A ‘flowy’ cape was fashioned by the loving, over-indulgent grandma. The last but not least were the ‘return gifts’, a tradition I’m yet to find someone to place the blame on. We settled on plants and cake pops as giveaways to our miniature guests. The aunts and uncles organised the theme-based games and decorations while also providing the necessary manpower and moral support.

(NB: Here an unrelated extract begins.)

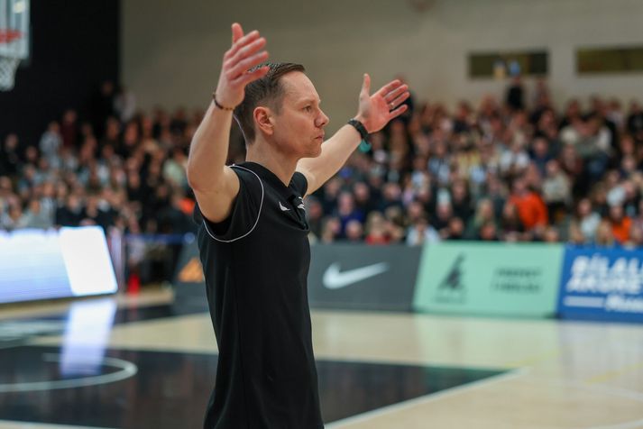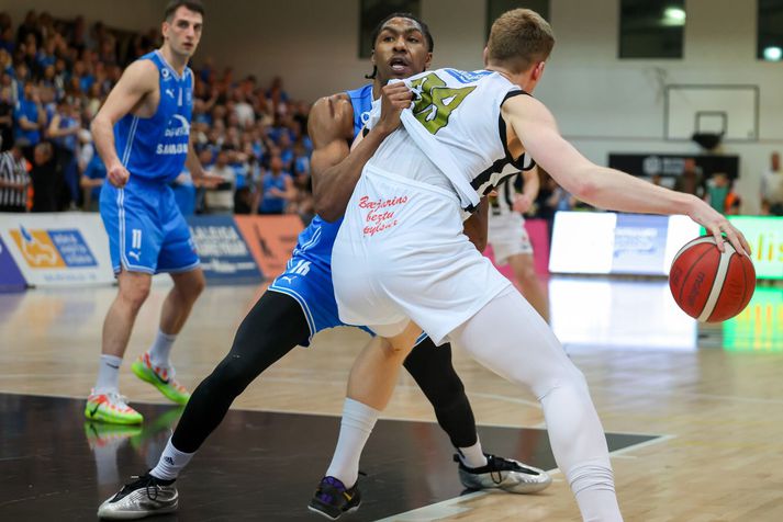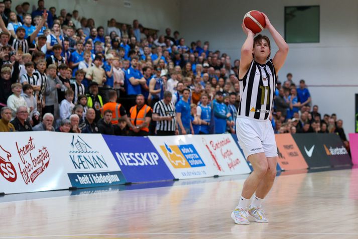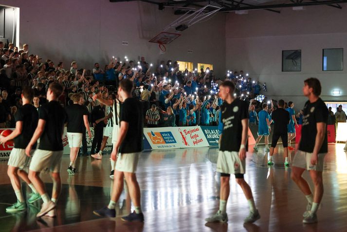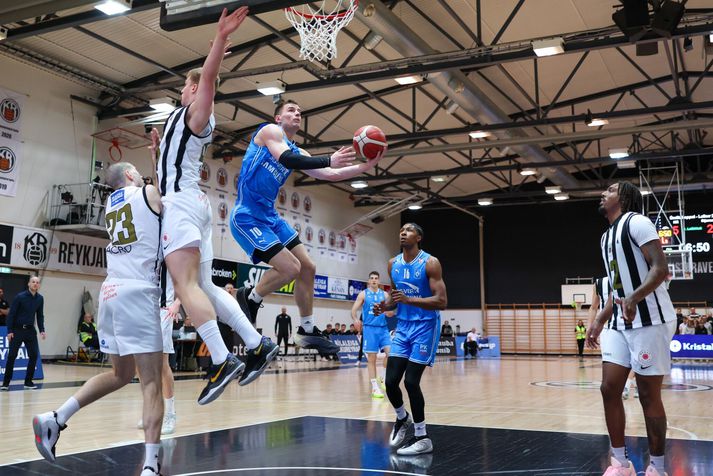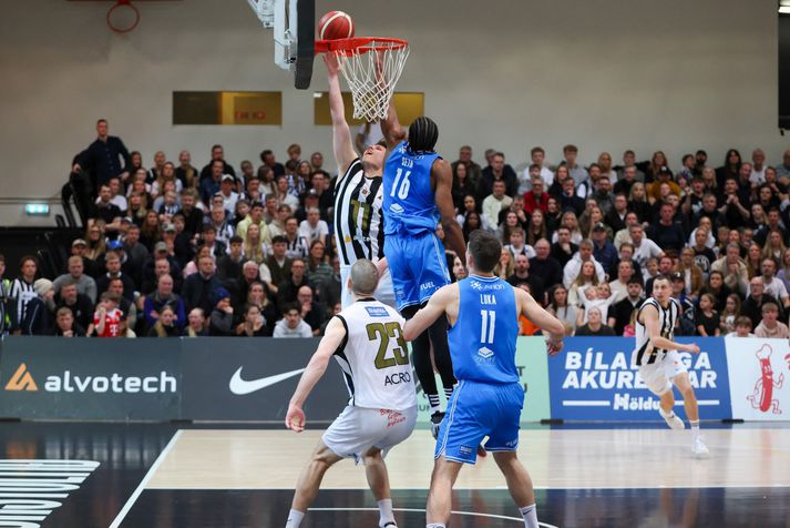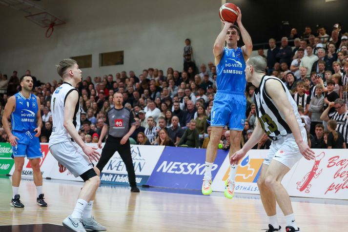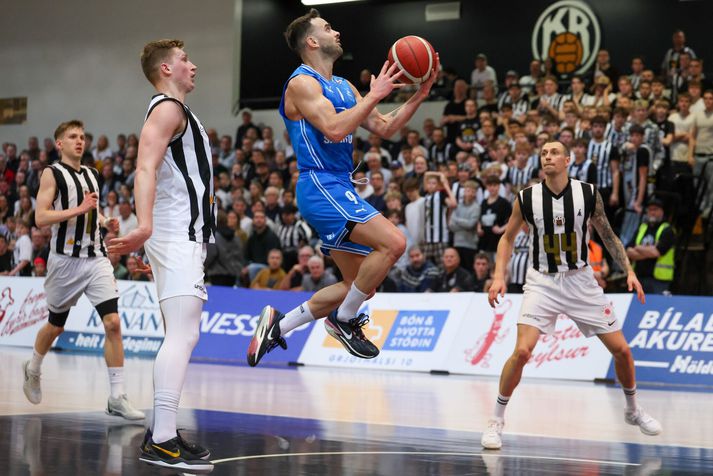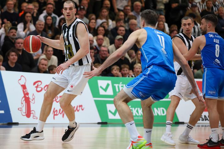 KR-ingar jöfnuðu einvígið við Stjörnuna í 1-1 í 8-liða úrslitum Bónus-deildar karla í körfubolta í kvöld. Liðin mætast að nýju í Garðabæ á föstudaginn en vinna þarf þrjá leiki til að komast í undanúrslitin. Lokatölur í Vesturbænum í kvöld urðu 91-82 en spennan var þó afar mikil nánast til loka. KR - Stjarnan Bónus deild karla vor 2026. Rafmagnin sló út rétt fyrir leik.Vísir / Diego Spennan var það mikil í byrjun að rafmagnið fór af salnum þegar flautan var við það að hringja til að gefa til kynna að leikurinn ætti að fara að byrja. Ástæðan fyrir því var að eldingu sló niður dreifikerfið rafmagns sem olli trufluninni á rafmagninu. Leikmenn fengu því auka 10 mínútur eða svo til að hita upp fyrir leikinn. KR komst yfir og hélt Stjörnunni fyrir aftan sig allan tímann. KR byrjaði leikinn heilt yfir betur, spilaði góða vörn og fékk nóg af körfum til að mynda níu stiga forskot þegar um þrjár mínútur voru eftir af fyrsta leikhluta. Stjarnan tók örlítið við sér þegar Pablo Bertone og Bjarni Guðmann komu inn á en KR náði að halda gestunum í skefjum og voru með sex stig forskot þegar fyrsti leikhlutinn kláraðist. KR - Stjarnan Bónus deild karla vor 2026. Friðrik Anton átti mjög góða innkomu.Vísir / Diego Annar leikhlutinn var svo mjög hraður og skipst á körfum á löngum köflum en heimamenn komust fyrr í takt varnarlega og náðu að koma í veg fyrir að gestirnir kæmust á sprett. Friðrik Anton Jónsson steig vel upp og skoraði sjö stig í leikhlutanum og hélt heimamönnum gangandi þegar fór að kólna sóknarmegin hjá KR. KR - Stjarnan Bónus deild karla vor 2026. Pablo Berton svífandi.Vísir / Diego Luka Gasic og Hilmar Smári gerðu þá vel í að setja niður stóra þrista til að halda KR í seilingarfjarlægð. Stjörnumenn voru búnir að ná að minnka muninn niður í fjögur stig þegar lítið var eftir af leikhlutanum en KR náði vopnum sínum í blálokin og þegar Þórir Guðmundur Þorbjarnarson negldi niður flautuþrist þá var forskotið komið aftur í níu stig þegar gengið var til búningsherbergja. Liðin skiptust á að skora í upphafi þriðja leikhluta en eftir um tvær mínútur þá náði KR að toga sig frá Stjörnunni. Aftur var varnarleikurinn góður og skotin fóru ofan í og sjálfstraust KR-inga í sókn var mikið. Komust þeir meðst 14 stigum yfir og hafði maður á tilfinningunni að Vesturbæingar væru að fara að sigla leiknum heim. Annað kom á daginn. Upp steig Luca Gasic. Hann skoraði sjö stig í röð en Stjörnumenn náðu ekki að grípa það tækifæri. Það hinsvegar gaf þeim þannig byr undir vængina að þeir lögðu ekki árar í bát.. KR - Stjarnan Bónus deild karla vor 2026. Giannis að komast að körfunni.Vísir / Diego Liðin kólnðu á sóknarhelmingnum og KR hélt því forystunni. Staðan var 70-59 eftir að Friðrik Anton boraði niður þrist. Þá var tekið leikhlé og Stjarnan sprakk út. Pablo Bertone og Ægir Þór réðust á KR-ingana af mikilli hörku og áður en við var litið þá var Stjarnan búin að jafna metin í 70-70 og lokamínúta þriðja leikhluta var farin af stað. Linards Jauntsems náði þá loksins að skora af vítalínunni og kom í veg fyrir að Stjarnan komst yfir og Þórir bætti við tveimur stigum og KR hélt forskotinu yfir leikhlutaskiptin, 73-70. Seth LeDay getur varið hringinn þegar hann nær að beita sér.Vísir / Diego KR byrjaði betur og komst í sjö stig forystu en Stjarnan var fljót að svara fyrir og minnkaði muninn í tvö stig. KR komst í fimm stiga forskot og Stjarnan jafnaði 80-80 en það virtist vera gesturnum úr Garðabæ lífsins ómögulegt að komast yfir en þeir fengu sannarlega tækifærin til þess. KR - Stjarnan Bónus deild karla vor 2026. Luka Gasic gerði vel í að koma sínum mönnum inn í leikinn aftur.Vísir / Diego Mikill hamagangur var í öskjunni og skoruðu liðin sitthvora körfuna og staðan var 82-82. Þá hættu Stjörnumenn að ná í körfur. Þeim gekk vel að koma í veg fyrir að KR skoraði af krafti en þar sem engar körfur komu á móti þá náðu þeir ekki að komast yfir hólinn. KR náði að gera þá vel að stoppa Stjörnuna af og með flautuþrist frá Toms þá lauk leiknum með níu stiga sigri 91-82 fyrir heimamenn. KR - Stjarnan Bónus deild karla vor 2026. Ægir að lofta boltanum yfir KR vörnina.Vísir / Diego KR er þar með búið að jafna metin í einvíginu og við fáum í það minnsta fjóra leiki í þessu einvígi. Næsti leikur á föstudaginn í Garðabænum. Atvik leiksins Í stöðunni 85-82 stal Tóti Túrbó boltanum og Þorvaldur Orri Árnason tvö stig úr hraðaupphlaupi en það voru hans einu stig. Þá var ekki búið að skora stig í dágóðan tíma og kláraði þetta nánast leikinn fyrir KR. Stjörnur og skúrkar Linards Junzems skoraði 31 stig fyrir KR og Þórir Guðmundur Þorbjarnarson bætti við 22 stigum og 13 stoðsendingum. Fengu KR framlag frá mörgum í dag en Toms Elvis Leimanis átti ekki góðan skotleik en hann hitti úr einu skoti af 11 og það kom alveg í blálokin. Linards átti stórleik.Vísir / Diego Hjá Stjörnunni var Pablo Bertone stigahæstur með 19 stig en Hilmar Smári kom næstur með 16 stig. Seth LeDay gat ekki beitt sér almennilega en hann fékk sína fjórðu villu í lok fyrri hálfleiks og þurfti því að sitja mikið og gat kannski ekki beitt sér eins mikið og hann gerir. Hann skoraði fjögur stig en venjulega skorar hann um 18 stig í leik. KR - Stjarnan Bónus deild karla vor 2026. Hilmar Smári var í villuvandræðum í kvöld en skoraði mjög velVísir / Diego Umgjörð og stemmning KR kann náttúrlega að halda leik í úrslitakeppni og hafa engu gleymt þó að fjögur ár séu liðin frá því að þeir voru hér síðast. Fleiri en 1200 áhorfendur létu svo vel í sér heyra og úr var

 The levels of frolic could not be ascertained exactly due to the lack of the willingness of our patrons to take up a survey but it’s safe to say that it was a fun evening. For me, though, the point of describing the above is because of one text message my wife and I received containing the words, “well organised, Debkanya.” I have no doubt that she deserved it. I have no hesitation in admitting we pulled off a smooth event. That said, I helped put my daughter’s birthday together as well. Coming from another mother, it was a fairly telling comment. I know the mother, and if she’s reading, I don’t mean any offence but it just made me realise that the comment was reflex for her because it’s the reality for so many households.

It made me wonder whether some of us fathers who do pull their weight will ever get the same recognition? If my wife was organising the smaller chairs and tables, I was organising the chairs for the adults and the lighting for our venue. If she was fixing the food menu, I was at the nursery picking the plants for the kids. Yet, every time, we have guests over at our place, I’m always complimented on the way we’ve done up our home, followed by the inevitable rejoinder, “It’s your wife’s taste, am sure.” The guest may be of any gender, but it always comes around at some point. Just for the record, I’ve spent as much time picking the fabric of the curtains as she has picking the brand and size of the TV.

Before you think, I’m fishing for compliments, I know a lot of heterosexual couples who are exactly the same, but the man is always discounted when it comes to things domestic. I think, we’ve done it to ourselves. As a gender, (and I dare speak only for the Indian urban male), I think we’ve evaded duties of this nature for a long time due to the perception of it being a slight to our masculinity. While I think that is rapidly changing, it can’t change fast enough. If more fathers are willing to take their daughters to the tailor to stitch a new dress or are seen at the play gyms hanging out with their kids, we might see more empathy towards & credit given to the hands-on father. It might even possibly provide more encouragement for those who hesitate as well.

Yet, there’s a long way to go for us fathers. In India, if the contributions of homemakers were included in our GDP, it would boost our domestic production by nearly 13 percent. So, while we fathers can complain, we have a long way to go to even hold a candle when compared to the mothers of India. So, yes, well organised Debkanya.